Platelet aggregation and adhesion are critically involved in both normal hemostasis and thrombosis during vascular injury. Before any surgery, it is important to identify the number of platelets and their functionality to reduce the risk of bleeding; therefore, platelet function testing is a requirement. We introduce a novel evaluation method of assessing platelet function with laser speckle contrast imaging. The speckle decorrelation time (SDT) of the blood flowing through a microfluidic channel chip provides a quantitative measure of platelet aggregation. We compared SDTs of whole blood and platelet-poor blood, i.e., whole blood stripped of its buffy coat region, and found a marked reduction in decorrelation time for platelet-poor blood. The measured SDT of platelet-poor blood was 1.04 ± 0.21 ms, while that of whole blood was 2.64 ± 0.83 ms. To further characterize the sensitivity of our speckle decorrelation time-based platelet function testing (SDT-PFT), we added various agonists involved in platelet aggregation, including adenosine diphosphate (ADP), epinephrine (EPI), and arachidonic acid (AA). In this study, the results show that whole blood with ADP resulted in the largest SDT, followed by whole blood with AA, whole blood with EPI, whole blood without agonist, and platelet-poor blood with or without agonist. These findings show that SDT-PFT has the potential for rapid screening of bleeding disorders and monitoring of anti-platelet therapies with only a small volume of blood.

Red blood cells (RBCs) undergo irreversible biochemical and morphological changes during storage, contributing to the hemorheological changes of stored RBCs, which causes deterioration of microvascular perfusion in vivo. In this study, a home-built optofluidic system for laser speckle imaging of flowing stored RBCs through a transparent microfluidic channel was employed. The speckle decorrelation time (SDT) provides a quantitative measure of RBC changes, including aggregation in the microchannel. The SDT and relative light transmission intensity of the stored RBCs were monitored for 42 days. In addition, correlations between the decorrelation time, RBC flow speed through the channel, and relative light transmission intensity were obtained. The SDT of stored RBCs increased as the storage duration increased. The SDTs of the RBCs stored for 21 days did not significantly change. However, for the RBCs stored for over 35 days, the SDT increased significantly from 1.26 ± 0.27 ms to 6.12 ± 1.98 ms. In addition, we measured the relative light transmission intensity and RBC flow speed. As the RBC storage time increased, the relative light transmission intensity increased, whereas the RBC flow speed decreased in the microchannel. The optofluidic laser speckle image decorrelation time provides a quantitative measure of assessing the RBC condition during storage. Laser speckle image decorrelation analysis may serve as a convenient assay to monitor the property changes of stored RBCs.

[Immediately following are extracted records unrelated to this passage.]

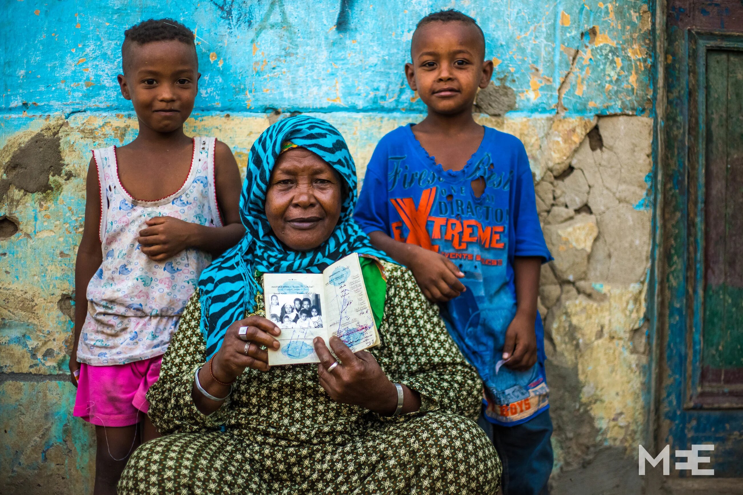 Amira, over 80 years old, is one of the few remaining Palestinian refugees who fled to Egypt escaping the war in 1948. Here she shows her refugee passport which has a picture of her and her children in it. Now she sits with two of her grandchildren beside her (MEE/Ibrahim Ahmad)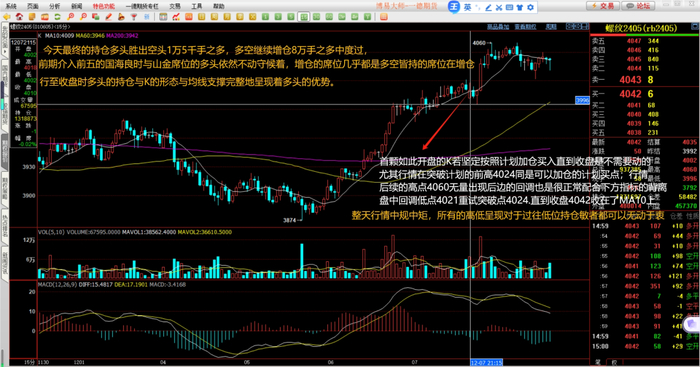 螺纹2405主力合约本周演绎了一颗上影18点下影91点实体74点的周阳线,收盘4042较前周涨了74点,周涨幅1.86%。成交量稍显逊色,但持仓至周五晚间增了近10万手之多。盘中至周五晚间高点4076因量能萎缩而出现相应的回调4047收盘,整体行情而言保持着十字路口突破以来的趋势行进。行情低点3874破掉了我们上周计划中的3880,但仅仅只是分钟的事情,就被放量后拉起;它后续连续4个15分钟K的低点都没有再破3880。你若在后面宝贵的时间里能记忆起曾经的不破不立,亦或我们今天引用的不塞不流不止不行,你就能识别主力破掉3880是它的假动作了。其实在所有的行情中这样的显现是频而又频的,因为只有这样主力才能顺利掏出惊慌中你损掉的原本正确的单子,甚或让你再反手“同向”它的如此短趋势,让你正反抽打自己的资金。不塞不流不止不行,不是常用语,但用它希望你能真正地体悟出我的良苦用心。
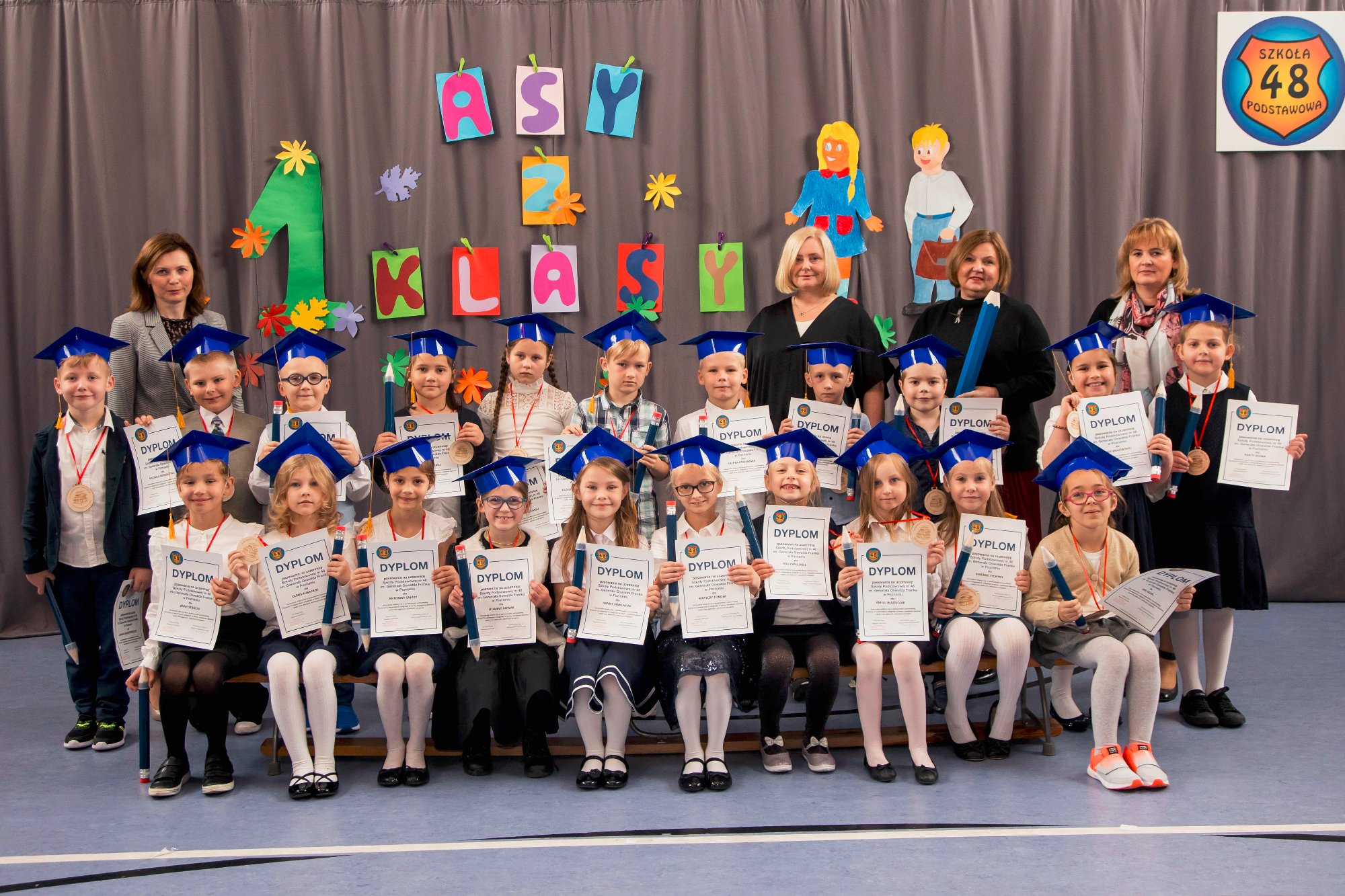 Po ślubowaniu aktu pasowania na ucznia/ uczennicę Szkoły Podstawowej nr 48 im. Generała Oswalda Franka w Poznaniu dokonała Pani Dyrektor Magdalena Stachowiak.

Platelets play essential roles in the formation of blood clots by clumping with coagulation factors at the site of vascular injury to stop bleeding; therefore, a reduction in the platelet number or disorder in their function causes bleeding risk. In our research, we developed a method to assess platelet aggregation using an optical approach within a microfluidic chip’s channel by evaluating the size of laser speckles. These speckles, associated with slowed blood flow in the microfluidic channel, had a baseline size of 28.54 ± 0.72 µm in whole blood. Removing platelets from the sample led to a notable decrease in speckle size to 27.04 ± 1.23 µm. Moreover, the addition of an ADP-containing agonist, which activates platelets, resulted in an increased speckle size of 32.89 ± 1.69 µm. This finding may provide a simple optical method via microfluidics that could be utilized to assess platelet functionality in diagnosing bleeding disorders and potentially in monitoring therapies that target platelets.